“Life’s not always kind, is it, Gerri?” observes Mary, played by Leslie Manville, to her friend, played by Ruth Sheen, in
director Mike Leigh’s new film “Another Year.” A truer statement has perhaps never been uttered, and it might as well be the film’s thesis statement -it’s either that or Henry David Thoreau’s profound quotation from “Walden: The mass of men lead lives of quiet desperation.”
In its multilayered chronicle of a modern family and friends over the course of four turbulent seasons, “Another Year” is closer to Leigh’s 2002 drama “All or Nothing” than his more recent pictures, the shattering historical drama “Vera Drake” and the dread-laced comedy “Happy-Go-Lucky.” Counselor Gerri and her geologist husband Tom (Jim Broadbent) are the film’s problem-free glue: atoms of strengths around whom clusters of unstable particles orbit. These include Mary, a delusional, depressed divorcee with a pathetic crush on Gerri’s son Joe (Oliver Maltman); Ken (Peter Wright), an obese winesop who resembles Bill Bennett on a perpetual bender; and Tom’s brother Ronnie (David Bradley), a newly grieving widow forced to deal with his absent, antagonistic son (Martin Savage).

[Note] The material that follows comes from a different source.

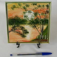 PINTURA EM AZULEJO (15,5X15,5 CM). RETRATA PAISAGEM NATURAL, COM ÁRVORES, O NASCER DO SOL E UMA CERCA DE MADEIRA. PREDOMINAM AS CORES VERDE, ROSA, AMARELO E BRANCO. ATRÁS, SUPORTE PARA PAREDE E DADOS COMPLETOS DO AUTOR. ACOMPANHA SUPORTE DE MESA EM PLÁSTICO PRETO E CARTÃO COM DADOS DO AUTOR. ACONDICIONADO COM ISOPOR, DENTRO DE CAIXA DE PLÁSTICO AZUL.

Though Broadbent and Sheen receive top billing, Manville’s Mary is undoubtedly the movie’s standout performance, a tragic tour de force. She’s the third or fifth wheel in every social situation, erecting a false front of happiness one moment and sobbing herself to sleep in the next. She’s one of a few casualties of the film’s overriding theme: the inevitable reality of aging. All of the characters grapple with it; retaining health and happiness after physical and social desirability has faded is an everyday struggle for abandoned souls like Mary.
Leigh’s seemingly extemporaneous script – in fact workshopped to death in preproduction – stings with relatable authenticity and brutal honesty. While it’s fair to say that Leigh cruelly lingers on the wrinkles in Mary’s face when she awkwardly prompts Joe to guess how old she is, Leigh proves by the film’s end that he has deep reservoirs of compassion for all of his characters, despite and because of their flaws.
“Another Year” opens Friday at Regal Shadowood in West Boca Raton, Regal Delray, Frank Theaters Gateway in Fort Lauderdale, AMC Aventura and Regal South Beach.